Stuff I Worry About

First and foremost, the title of this post ends in a preposition. I know this would make my really large English professor simultaneously cringe and defecate on herself, but I don’t really give a horse’s left testicle. I guess I should have entitled this, “I Worry About Stuff”, but I’m not changing it. Nope.

Sometimes throwing a preposition at the end of a sentence makes me feel rebellious. I like rebellious. I like that rebellious Matt Dillon in The Outsiders. I bet he said prepositions at the wrong time.

“Yo, Ponyboy, you coming with?”

Rebellious. Rawr.

However, I can’t stand, “Where are my shoes at?” If you ask me this, I will tell you “They are probably between the A and the T on Preposition Street, you dumb son of a bitch.”

Nice comeback, right? No? Too harsh?

Anyway, I am always worrying about, well, me.

Yeah, yeah, you already know I worry about the major stuff like Gangrene, but I am talking about asinine things.

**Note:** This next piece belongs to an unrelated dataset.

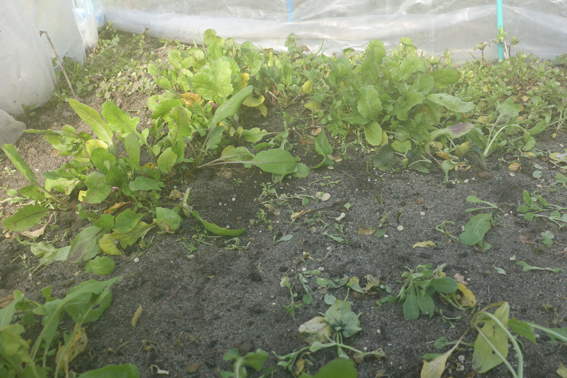 ビニールトンネルで守ったルッコラです

I worry a lot about my eyebrows. Are they too shaggy, too dark? Do I resemble this guy?

I never thought about my eyebrows, your eyebrows, anybody’s eyebrows, until a girl that I knew shaved off her eyebrows in some kind of rebellious attempt to make her parents let her have wild sex and do drugs. Or something.

I mean, I didn’t know her personally, but when I heard “Hey, that so and so shaved off her eyebrows!” I got all worried and stuff. I was worried about her, her mental state, her reasons for shaving her eyebrows. I didn’t remember her as having big wooly centipedes over her retinas, so why did she do this?

When I saw her a few weeks later at McDonald’s, I laughed in her face. Really, I did. I could not stand there, amongst the stench of all white meat chicken nuggets, and ask how her mother had been doing when she was staring back at me with no eyebrows. She looked like a penis.

So, from that point forward, I began worrying about my eyebrows, your eyebrows, anybody’s eyebrows. I stare at people’s eyebrows, knowing they would look like a complete dick if they didn’t have them. Literally, a dick.

Thanks, crazy eyebrow shaving girl, for shaving your eyebrows and giving me a complex about eyebrows. I used eyebrows a lot in that sentence.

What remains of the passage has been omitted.